(RECORDS PROVIDED Opens)

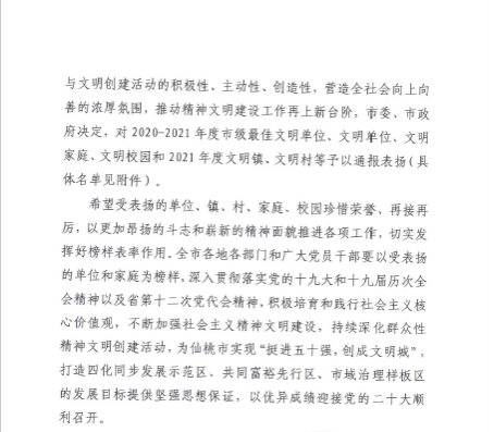 仙桃分院(yuan)獲2020-2021年度刘🔞亦菲艳门禁照🚩市(shì)級最佳文(wen)明單位
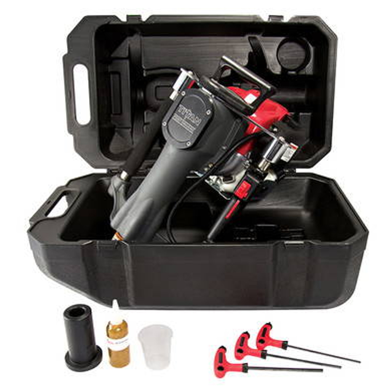 Powerful and portable commercial duty post driver. Powered by Honda GX35, 1.3hp engine. The 2” heavy duty steel barrel drives posts up to 1 7/8” diameter. Includes a 1” adapter sleeve for driving posts, rods, or rebar up to 7/8”. This post driver is 100% self-contained, easy to lift, move, and carry down the fence line. No hoses or compressors. Drives posts in half the time of a manual driver. Assembled and serviced in the USA. Comes complete with rugged poly carry case and tool kit for servicing.
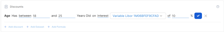 6. In the Discounts section, we've set a 10% discount for Interest, if the applicant's age is between 18 and 25 years old.
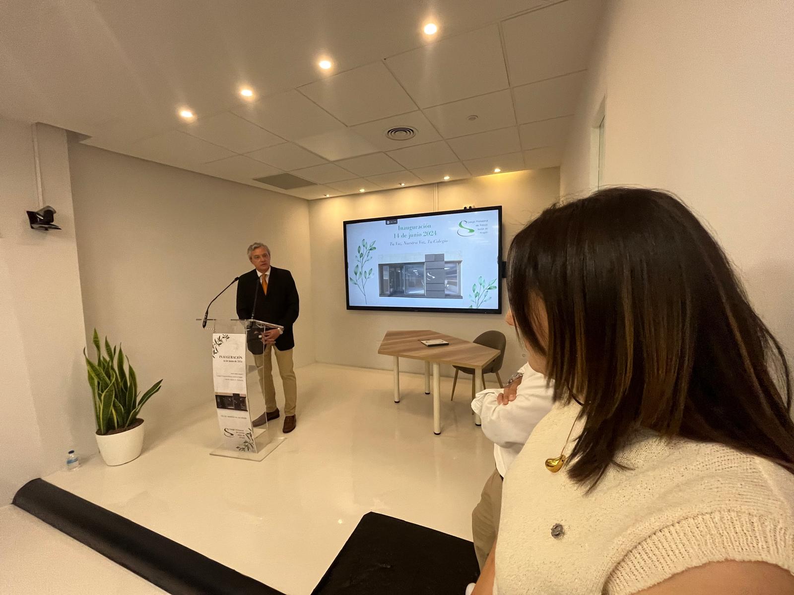 Éste felicito a la Junta de Gobierno y a la colegiatura de Aragón por la inauguración de la nueva sede y deseó: “que siga acogiendo proyectos, actividades para que nos permita ir avanzando en todos los retos que tenemos delante como profesión”.
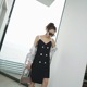NOPINK原创自制 大牌质感毛边吊带不规则设计修身西装式连衣裙
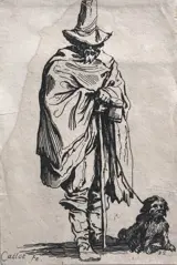 Man met hoge Italiaanse hoed in cape gewikkeld, blikje in de hand; een hond zit recht
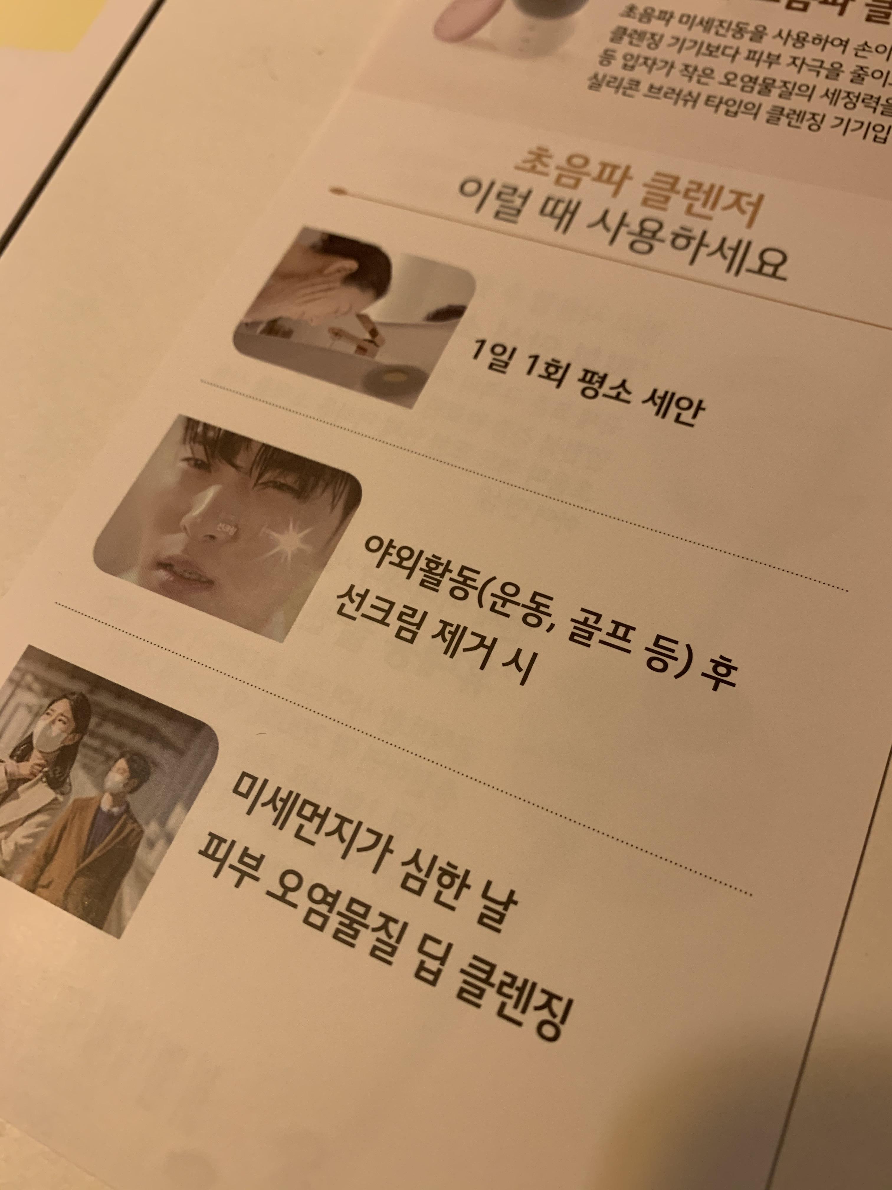 ˙ 주요 기능은 초음파 딥 클렌징과, 실리콘 브러시 미세진동으로 인한 클렌징 관리
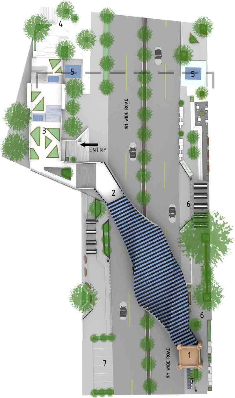 Plantation Layout Hardscape Layout Site Plan Site Section Section 1 Section 2 Section 3 Section 4 Section 5 Section through Atrium Roof Plan Second Floor Plan First Floor Plan 3 5 4 2 1

(RECORDS PROVIDED Closes)

Each entry is to be returned precisely as it appears, but the pictures are to be dropped.

 仙桃分院(yuan)獲2020-2021年度刘🔞亦菲艳门禁照🚩市(shì)級最佳文(wen)明單位
 Powerful and portable commercial duty post driver. Powered by Honda GX35, 1.3hp engine. The 2” heavy duty steel barrel drives posts up to 1 7/8” diameter. Includes a 1” adapter sleeve for driving posts, rods, or rebar up to 7/8”. This post driver is 100% self-contained, easy to lift, move, and carry down the fence line. No hoses or compressors. Drives posts in half the time of a manual driver. Assembled and serviced in the USA. Comes complete with rugged poly carry case and tool kit for servicing.
 6. In the Discounts section, we've set a 10% discount for Interest, if the applicant's age is between 18 and 25 years old.
 Éste felicito a la Junta de Gobierno y a la colegiatura de Aragón por la inauguración de la nueva sede y deseó: “que siga acogiendo proyectos, actividades para que nos permita ir avanzando en todos los retos que tenemos delante como profesión”.
NOPINK原创自制 大牌质感毛边吊带不规则设计修身西装式连衣裙
 Man met hoge Italiaanse hoed in cape gewikkeld, blikje in de hand; een hond zit recht
 ˙ 주요 기능은 초음파 딥 클렌징과, 실리콘 브러시 미세진동으로 인한 클렌징 관리
 Plantation Layout Hardscape Layout Site Plan Site Section Section 1 Section 2 Section 3 Section 4 Section 5 Section through Atrium Roof Plan Second Floor Plan First Floor Plan 3 5 4 2 1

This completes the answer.